Electronovision: ‘the theatre of the future’
Oh to be in Edinburgh now that Hamlet‘s there. The Wooster Group‘s radical adaptation of the play has its last performance tonight as part of the official festival – it’s sold out, of course, but there is a hope that the production may come to London next year. As the company’s web site explains, this is ‘Shakespeare’s classic tragedy… re-imagined by mixing and repurposing Richard Burton’s 1964 Broadway production, directed by John Gielgud’, and a taste of its pleasures can be gleaned from this ‘flight plan’ video:
HAMLET in NY – flight plan [10.24.12] from The Wooster Group on Vimeo.
Lyn Gardner for the Guardian was won over when the show was in Dublin last year and for the same paper Andrew Dickson more or less concurs. Dominic Cavendish in the Telegraph is, by contrast, underwhelmed: ‘altogether too much straight-faced mucking around’. But what this clearly glorious theatrical event does offer me is the chance to replay the astonishing video interview and trailer with Richard Burton (extracts of which appear above). He gave the interview and recorded the trailer when his Hamlet – on which The Wooster Group base their production – was filmed on the Broadway stage back in 1964 for release to cinemas. How prescient of NTLive and RSC Live from Stratford Upon Avon is that! As Burton rightly says, ‘This is the theatre of the future, taking shape before your eyes today.’
This, ladies and gentlemen, is the launch of ‘Theatrofilm with Electronovision’.
As Richard Burton explains, the Hamlet was recorded by multiple video cameras to be shown in around 1,000 cinemas across the States for just four cinema performances in September 1964. As Stuart Ian Burns notes at The Hamlet Weblog in his invaluable discussion of the interview and of the recording itself, the idea was that it would never be shown again.
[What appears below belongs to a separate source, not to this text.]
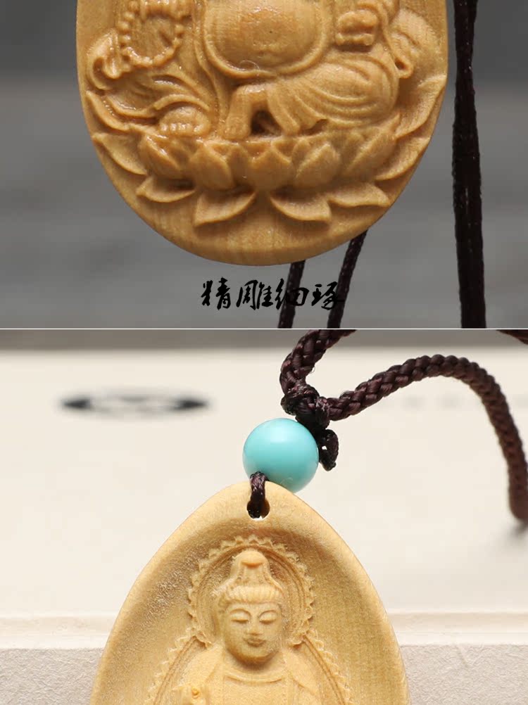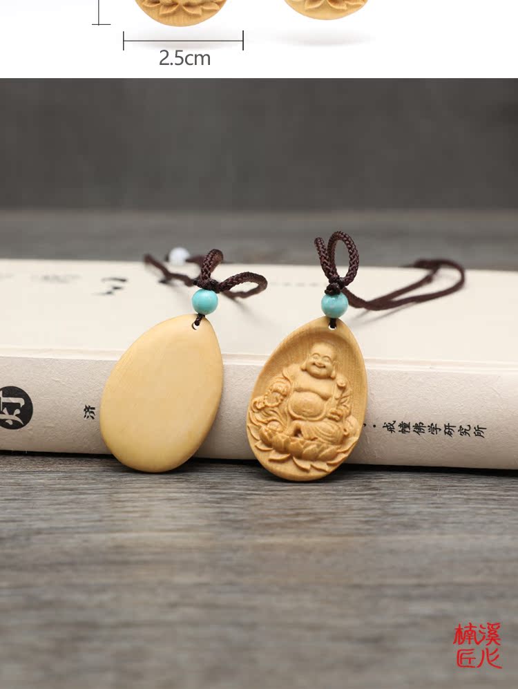 [2]楠溪匠心黃楊木雕觀音像彌勒佛項鏈木質掛件情侶生日寶寶周歲送禮1入

All the prints were supposed to be destroyed, and it is only thanks to Burton keeping a copy and much later donating it to the BFI that we can enjoy it today on (very rare) DVD copies and in fragments on YouTube:
There are a thousand interesting pre-echoes here of our debates and discussions today about the best approach to recording theatre, including Burton’s words about he regarded acting in front of the cameras.
None of the actors make any concession to this new process, in other words we don’t tone it down in order to seem like film actors or play it up because the cameras are a little further away than they would be in a movie studio or a television studio. It’s played exactly as is, and the result will be unique, possibly extraordinary and perhaps epoch-making.
For more on Electronovision, which was used for other productions as well as Hamlet, see the informative Wikipedia page and this section of Drama Between Poetry and Performance by W.B. Worthen on Scrib (where it features as part of a consideration of Hamlet from The Wooster Group). There are a couple of interesting (but unsourced) technical images related to Electronovision here and here. Also, watch out for a future post on this blog, since this is all too compelling to leave here.